Чернышев стал тут же, с необыкновенной живостью и азартом тянуть Николая Васильевича к какой-то знакомой Рихтерше, в заведение. Насилу отбился. Чернышев, выпросив в долг, под честное-благородное слово три рубля, убежал.

На другой день, второго апреля, в понедельник, Николай Васильевич едва встал, голова раскалывалась, был одиннадцатый час. На службу мог не идти, но еще страстной пятницей договорился с начальником, что придет, побросает бумажки: ведь дело поручено огромнейшее, изо всех алфавитов составить один общий за десять лет. А еще обычной переписки каждый день горы. Когда ж успеть? На самом-то деле манила замечательная праздничная пустота и тишь. Самое заветное переписать. Было что: в пятницу, поздним часом, доставлен список подозрительных, семьдесят шесть человек, который переписать тогда не случилось. И вот — спать бы, порошков бы каких-нибудь — а он тащился, ковылял, разбитый и жалкий, изумляясь: «Что ж это за люди такие, которые каждый день вино пьют? Каково здоровье надо иметь!»
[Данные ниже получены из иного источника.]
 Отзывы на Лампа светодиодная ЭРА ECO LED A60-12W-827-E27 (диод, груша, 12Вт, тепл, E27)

Возле здания у Цепного моста творилось странное: подъезжали кареты, пролетки, оттуда выскакивали и бежали опрометью к подъезду люди. Николай Васильевич определил: агенты. Некоторых узнавал. Зачем-то вызывают? В вестибюле кучками теснились чиновники, разговаривали вполголоса, возбужденно, на лицах — общее, одно, то ли перепуг, то ли скорбная какая-то загадочность. Ага, вот и Вольф! Подбежал и, глаза тараща: «Покушение на государя… Слава богу, да, да — жив… жив… Схватили…» Произошло в десятом часу. Все сыскное отделение вызвано. Канцеляристы и переписчики, разумеется, не нужны.

— А вы — как же? Не знали?

— Я не знал! Я совершенно ничего не знал! — лепетал Николай Васильевич, потрясенный, прижимая обе руки к груди. — Я своим алфавитом занимаюсь… Боже мой, в светлый праздник! Злодейство!..
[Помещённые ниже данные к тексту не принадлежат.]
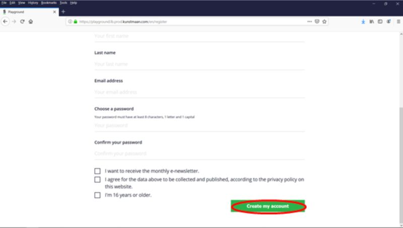 Once you have filled in the information and checked the boxes, click the `Create my account` button on the bottom of the page.
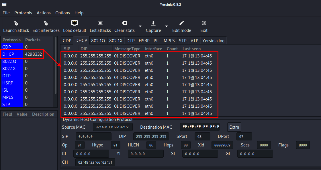 Launch attack ->DHCP -> Sending DISCOVER 선택 -> OK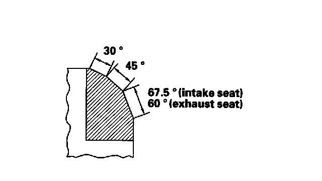 4. Bevel the upper edge of the seat with the 30° cutter and the lower edge of the seat with the 67.5° cutter (intake seat) or the 60°C cutter (exhaust seat). Check the width of the seat and adjust accordingly.

Шел по коридору, шатаясь, держась за стенку. И, правда, шатало: голова-то кружилась, во рту дрянь, Но в своей комнате, пустой, усидеть не мог. Рука дрожала, буквы не выводились. Вновь спустился на нижний этаж, там теснилось вое гуще, у многих похмельные дикие лица, кто-то разгонял.

— Господа, вызванных прошу разойтись по комнатам!.. Всех прочих — по домам! Не мешать, господа, не мешать, не мешать.

Кто-то рыдающим голосом:

— В честь чудесного избавления… Ура-а!

Николай Васильевич кричал со всеми. Сердце колотилось. Возникла ужасная мысль: кто стрелявший? А вдруг? Прискакали из дома градоначальника, сообщили последнее: покушавшийся приведен в сознание, назвал себя Иваном Осиповым Соколовым. Ничего более не указал. Бил его шпагой и поймал офицер из охранной стражи Кох. Государь даже не ранен. Злодею лет на вид около тридцати, светлые усики, самообладание фантастическое. Когда пришел в себя, сразу попросил папироску.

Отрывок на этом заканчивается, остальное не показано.